Modern IT systems now have to contend with all of the above, in
addition to mobile phones and tablets, IoT devices and cloud servers,
not to mention remote workers accessing the corporate network from
dispersed locations. Security teams need to make sure they are keeping
track of all of the devices that can access their networks and make
sure all are behaving normally.

The easiest device to hack is the one that no one is watching. A
device that has been forgotten and neglected under the mountain of
other responsibilities IT and security teams must contend with is a
ripe target for hackers to establish a foothold and gather
intelligence about a network before executing the final phase of their
attack.

Building higher fences

A good first step to maintaining visibility is to conduct an inventory
of all devices and systems under the company’s control, everything
that could access the network (including wireless printers). This
requires constant maintenance as new cloud resources spin up and down
but makes it easier to track all points of access to the network.
Restricting access to the network to only this short list of devices
that the security team can monitor is a good step to making it harder
for hackers to sneak by unnoticed.

Once that list is in place it is also important to monitor activity at
the network level. That way every new interaction can be watched
carefully for signs of malicious intent. Cybercriminals do not know
the ins and outs of the network the way that the security teams who
work with it every day do. Intruders are groping their way through the
dark, not knowing what they will find with every ping. Network
defenders can turn this to their advantage by looking for exploratory
activity coming from unusual places such as automated devices or
employees in non-technical departments.
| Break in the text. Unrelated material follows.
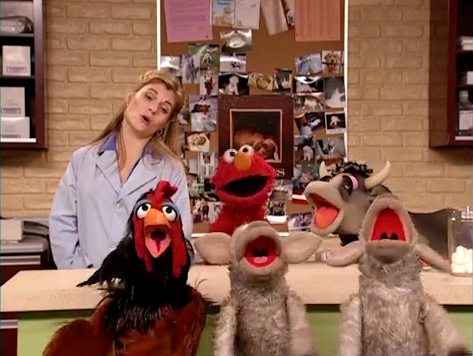 SCENE 2 cont'd | Elmo now goes to Gina's vet clinic to get her to be their teacher, but she's busy with a waiting room full of animals. Instead, she teaches Elmo about another Y word, "yodel," by singing a "Yodel Song." The song attracts many of the animals from the waiting room. |

It is also effective to deploy
decoys like honeypots that tempt intruders with promises of a big
payload but actually alert security teams to the unwanted activity.

It is also increasingly important for security teams to pay attention
to encrypted traffic. While encryption is an important way to maintain
the secrecy of data in motion, it is also a tool for cybercriminals to
hide their malicious activity. Security teams need to maintain
packet-level visibility into all traffic flowing across their
networks, even if it encrypted so that they can spot bad actors. The
most effective way to do this is to install a dedicated decryption
solution with the packet filtering solution on the network so that
decryption only happens once. The decryption and filtering combination
creates a center of excellence that specializes in sorting data. This
ensures that other critical devices on the network such as firewalls
and IPS tools are not bogged down with extra processing. It is also
important to make sure decryption solutions are applying the latest
encryption communications updates and standards to catch any network
traffic, malicious or benign, using those services.

You cannot protect against that which you cannot see. In the ever more
complicated world of modern IT networks, visibility is the
increasingly pressing challenge that security teams need to solve to
stop cyber attacks. The key is to simplify the problem as much as
possible and tackle it from multiple angles. The same way that
weathermen do not rely on a single data point to predict a storm,
security teams need to see their networks via multiple data streams to
make informed decisions that protect their organizations.